§ **About this task**
Using the data below, transcribe exactly everything from the line that contains "Click on the" down to the line that contains "消息人士还透露,这次收购谈判在前后不过十余天内完成。在收购完成后,Manus 将保持独立运营,Manus 的创始人兼". Include both of those lines and none of the pictures.

§ **Record extracts**
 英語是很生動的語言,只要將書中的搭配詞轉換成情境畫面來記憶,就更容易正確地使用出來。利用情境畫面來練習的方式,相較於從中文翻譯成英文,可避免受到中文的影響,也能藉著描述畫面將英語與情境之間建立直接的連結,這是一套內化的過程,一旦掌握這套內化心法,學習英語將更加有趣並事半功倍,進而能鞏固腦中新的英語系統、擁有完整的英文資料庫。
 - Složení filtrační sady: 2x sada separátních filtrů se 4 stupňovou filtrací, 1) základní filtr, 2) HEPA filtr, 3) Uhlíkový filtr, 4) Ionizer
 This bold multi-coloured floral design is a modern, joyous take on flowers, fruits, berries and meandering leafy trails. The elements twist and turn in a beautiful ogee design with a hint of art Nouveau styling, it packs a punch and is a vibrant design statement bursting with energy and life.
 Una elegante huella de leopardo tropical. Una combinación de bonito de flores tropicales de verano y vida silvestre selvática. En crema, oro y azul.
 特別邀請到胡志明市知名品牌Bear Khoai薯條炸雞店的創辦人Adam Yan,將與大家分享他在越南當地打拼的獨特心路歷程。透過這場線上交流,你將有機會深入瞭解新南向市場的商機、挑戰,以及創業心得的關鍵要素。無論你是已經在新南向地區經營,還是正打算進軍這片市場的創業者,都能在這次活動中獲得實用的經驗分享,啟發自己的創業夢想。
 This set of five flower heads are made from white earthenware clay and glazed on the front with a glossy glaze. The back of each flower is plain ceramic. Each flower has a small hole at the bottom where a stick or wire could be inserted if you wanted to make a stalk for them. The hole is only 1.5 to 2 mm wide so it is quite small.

...

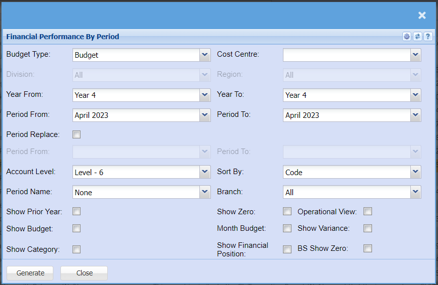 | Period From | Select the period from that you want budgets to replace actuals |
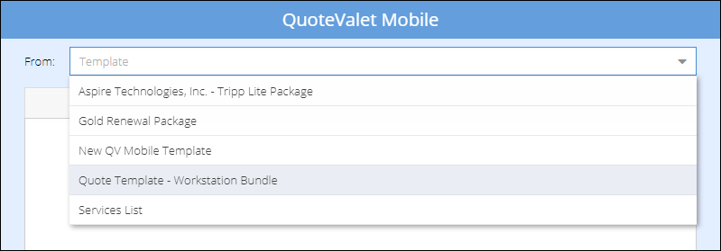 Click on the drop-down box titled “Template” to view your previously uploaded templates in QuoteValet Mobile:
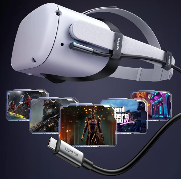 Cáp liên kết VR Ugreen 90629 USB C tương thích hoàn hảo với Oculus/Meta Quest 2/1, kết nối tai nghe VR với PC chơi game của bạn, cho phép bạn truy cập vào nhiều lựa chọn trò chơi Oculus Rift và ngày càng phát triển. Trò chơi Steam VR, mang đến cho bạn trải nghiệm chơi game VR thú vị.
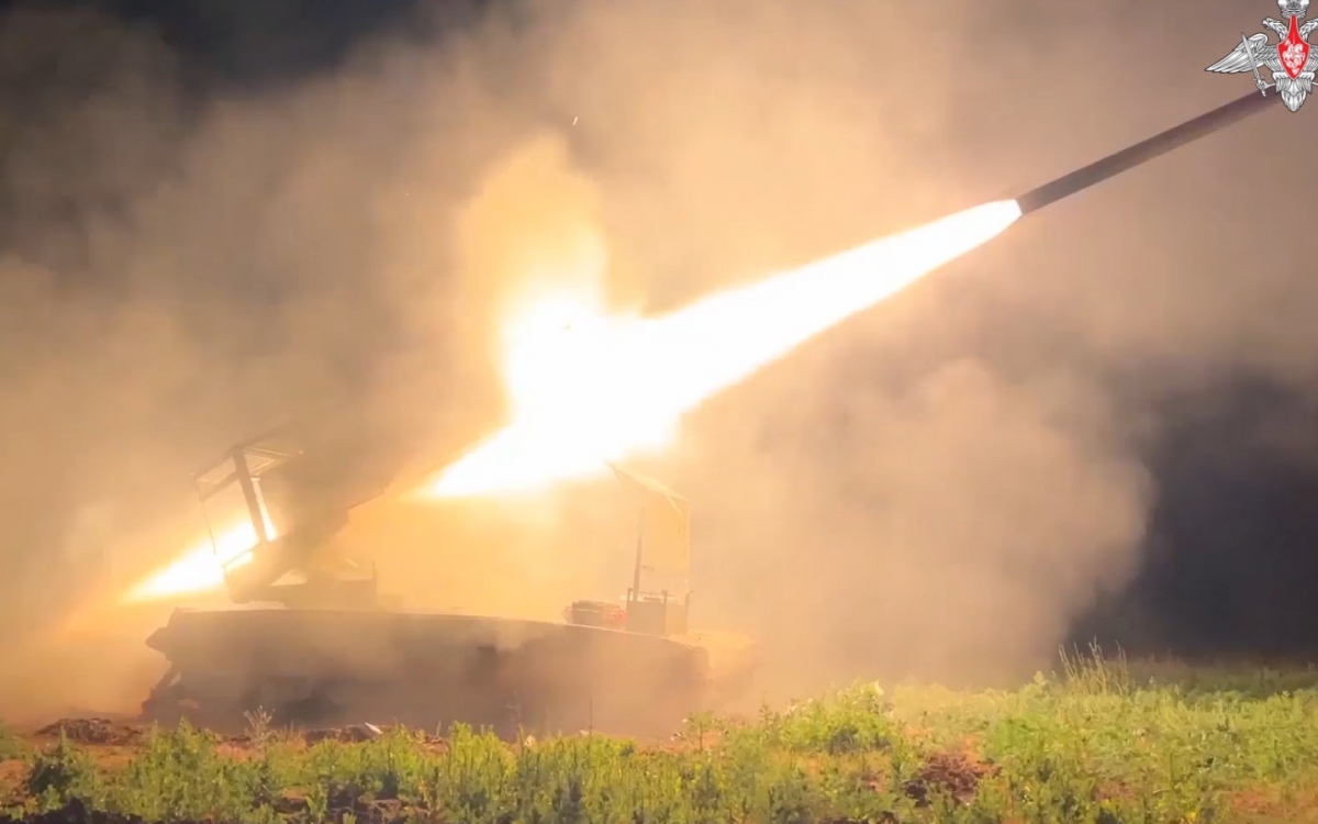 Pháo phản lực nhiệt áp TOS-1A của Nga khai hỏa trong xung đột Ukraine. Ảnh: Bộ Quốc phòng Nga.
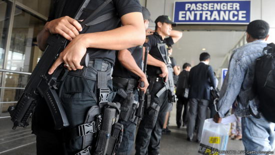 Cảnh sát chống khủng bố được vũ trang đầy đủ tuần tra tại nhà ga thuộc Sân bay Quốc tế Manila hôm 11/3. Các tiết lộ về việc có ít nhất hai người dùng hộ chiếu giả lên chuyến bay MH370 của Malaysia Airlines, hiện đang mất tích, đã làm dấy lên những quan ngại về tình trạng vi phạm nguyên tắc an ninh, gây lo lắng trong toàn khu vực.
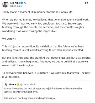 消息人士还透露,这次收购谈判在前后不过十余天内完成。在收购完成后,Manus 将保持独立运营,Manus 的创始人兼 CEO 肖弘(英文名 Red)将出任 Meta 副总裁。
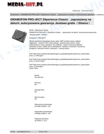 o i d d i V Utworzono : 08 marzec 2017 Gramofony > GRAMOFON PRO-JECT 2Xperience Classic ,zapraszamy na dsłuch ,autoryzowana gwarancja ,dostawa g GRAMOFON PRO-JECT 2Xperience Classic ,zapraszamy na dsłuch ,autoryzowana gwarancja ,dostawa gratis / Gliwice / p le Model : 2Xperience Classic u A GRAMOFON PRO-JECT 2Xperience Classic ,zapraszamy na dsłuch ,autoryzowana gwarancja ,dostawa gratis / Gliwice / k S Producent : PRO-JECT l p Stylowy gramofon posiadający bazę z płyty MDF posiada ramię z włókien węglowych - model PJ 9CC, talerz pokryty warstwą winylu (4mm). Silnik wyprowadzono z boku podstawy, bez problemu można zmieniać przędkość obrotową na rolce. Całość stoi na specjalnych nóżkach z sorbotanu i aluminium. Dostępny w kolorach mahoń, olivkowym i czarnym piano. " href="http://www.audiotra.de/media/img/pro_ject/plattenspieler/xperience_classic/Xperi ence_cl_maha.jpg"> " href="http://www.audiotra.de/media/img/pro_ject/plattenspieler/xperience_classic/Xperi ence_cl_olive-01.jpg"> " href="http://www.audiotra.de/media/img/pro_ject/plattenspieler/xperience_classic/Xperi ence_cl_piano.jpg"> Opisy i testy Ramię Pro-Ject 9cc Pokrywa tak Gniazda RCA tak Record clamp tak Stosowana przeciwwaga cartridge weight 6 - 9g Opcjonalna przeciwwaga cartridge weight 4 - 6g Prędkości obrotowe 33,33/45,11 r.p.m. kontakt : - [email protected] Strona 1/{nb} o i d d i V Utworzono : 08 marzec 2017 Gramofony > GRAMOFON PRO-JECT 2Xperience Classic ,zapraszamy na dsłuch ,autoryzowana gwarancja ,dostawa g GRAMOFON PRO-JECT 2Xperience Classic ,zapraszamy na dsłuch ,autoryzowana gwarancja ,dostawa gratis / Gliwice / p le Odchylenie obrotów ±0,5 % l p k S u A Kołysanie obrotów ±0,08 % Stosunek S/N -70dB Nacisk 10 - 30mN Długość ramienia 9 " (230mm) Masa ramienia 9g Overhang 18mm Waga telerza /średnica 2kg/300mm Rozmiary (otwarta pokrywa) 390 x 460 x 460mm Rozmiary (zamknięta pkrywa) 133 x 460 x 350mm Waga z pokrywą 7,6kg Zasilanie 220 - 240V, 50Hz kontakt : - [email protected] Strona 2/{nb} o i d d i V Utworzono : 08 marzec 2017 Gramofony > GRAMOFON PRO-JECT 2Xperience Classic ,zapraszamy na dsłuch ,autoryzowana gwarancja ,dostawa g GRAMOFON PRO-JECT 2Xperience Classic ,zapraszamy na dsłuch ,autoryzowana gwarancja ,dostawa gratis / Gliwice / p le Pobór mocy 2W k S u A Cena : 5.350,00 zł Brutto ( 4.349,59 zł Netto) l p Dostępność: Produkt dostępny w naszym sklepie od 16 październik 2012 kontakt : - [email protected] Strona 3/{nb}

* * *

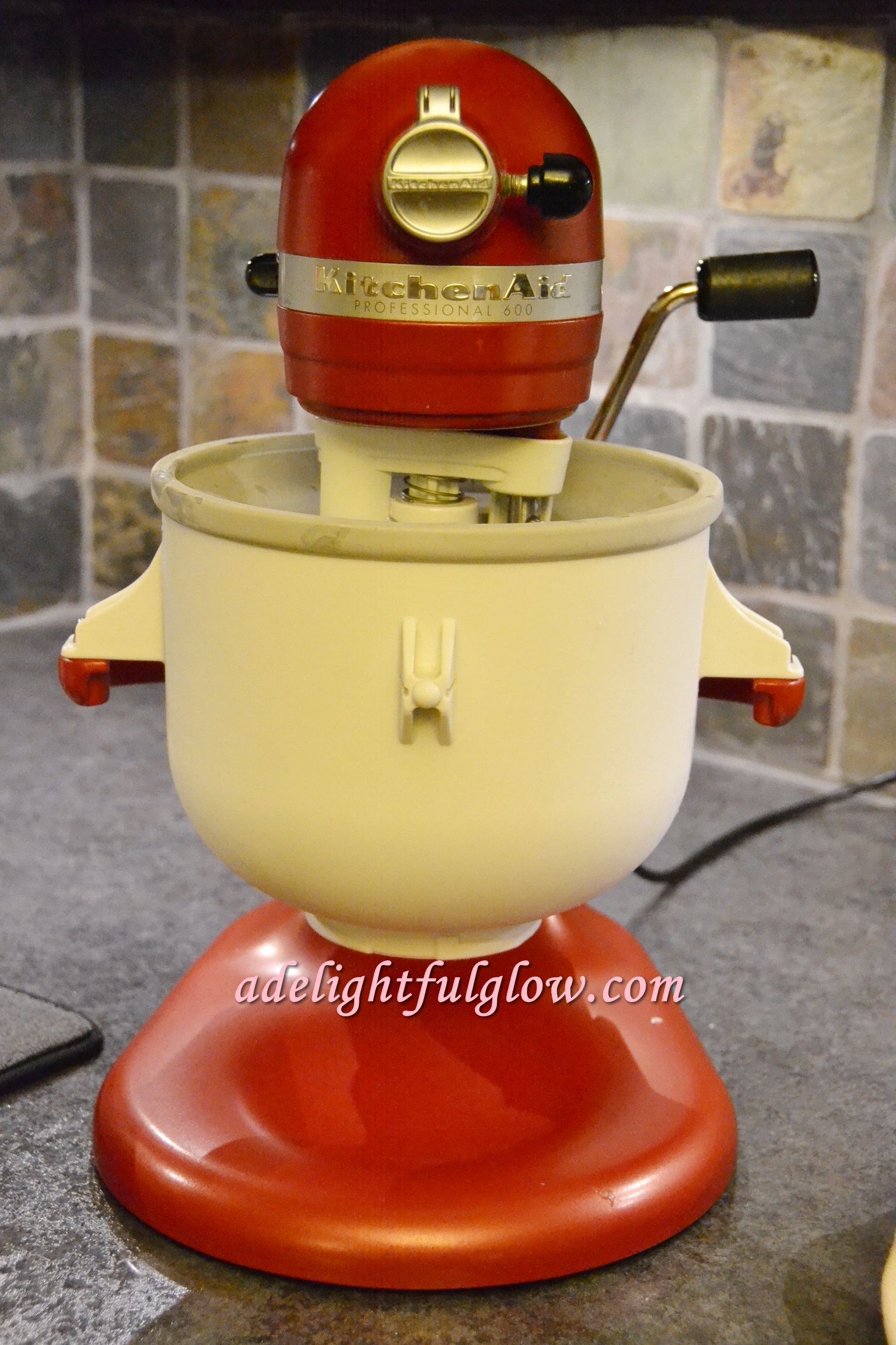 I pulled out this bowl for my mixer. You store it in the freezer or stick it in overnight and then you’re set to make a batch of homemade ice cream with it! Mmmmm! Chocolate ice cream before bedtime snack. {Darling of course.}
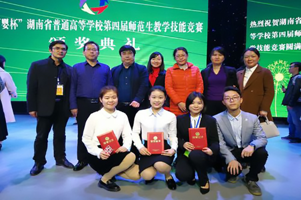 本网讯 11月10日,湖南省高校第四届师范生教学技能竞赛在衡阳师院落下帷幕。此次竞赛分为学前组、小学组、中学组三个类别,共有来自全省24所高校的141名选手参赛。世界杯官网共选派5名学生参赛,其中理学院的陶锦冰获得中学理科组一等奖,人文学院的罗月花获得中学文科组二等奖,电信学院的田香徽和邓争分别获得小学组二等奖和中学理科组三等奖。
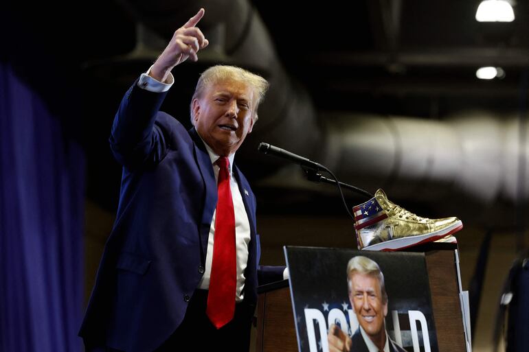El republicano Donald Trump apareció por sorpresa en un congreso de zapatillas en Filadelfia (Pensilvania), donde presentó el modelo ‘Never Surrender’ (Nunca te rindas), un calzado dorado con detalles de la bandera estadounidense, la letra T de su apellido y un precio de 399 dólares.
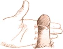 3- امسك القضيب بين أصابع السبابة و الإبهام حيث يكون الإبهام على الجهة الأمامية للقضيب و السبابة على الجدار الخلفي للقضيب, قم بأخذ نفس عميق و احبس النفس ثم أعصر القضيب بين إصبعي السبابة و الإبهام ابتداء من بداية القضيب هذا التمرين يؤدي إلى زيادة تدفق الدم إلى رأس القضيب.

§ **Output of the exercise**
 Click on the drop-down box titled “Template” to view your previously uploaded templates in QuoteValet Mobile:
 Cáp liên kết VR Ugreen 90629 USB C tương thích hoàn hảo với Oculus/Meta Quest 2/1, kết nối tai nghe VR với PC chơi game của bạn, cho phép bạn truy cập vào nhiều lựa chọn trò chơi Oculus Rift và ngày càng phát triển. Trò chơi Steam VR, mang đến cho bạn trải nghiệm chơi game VR thú vị.
 Pháo phản lực nhiệt áp TOS-1A của Nga khai hỏa trong xung đột Ukraine. Ảnh: Bộ Quốc phòng Nga.
 Cảnh sát chống khủng bố được vũ trang đầy đủ tuần tra tại nhà ga thuộc Sân bay Quốc tế Manila hôm 11/3. Các tiết lộ về việc có ít nhất hai người dùng hộ chiếu giả lên chuyến bay MH370 của Malaysia Airlines, hiện đang mất tích, đã làm dấy lên những quan ngại về tình trạng vi phạm nguyên tắc an ninh, gây lo lắng trong toàn khu vực.
 消息人士还透露,这次收购谈判在前后不过十余天内完成。在收购完成后,Manus 将保持独立运营,Manus 的创始人兼 CEO 肖弘(英文名 Red)将出任 Meta 副总裁。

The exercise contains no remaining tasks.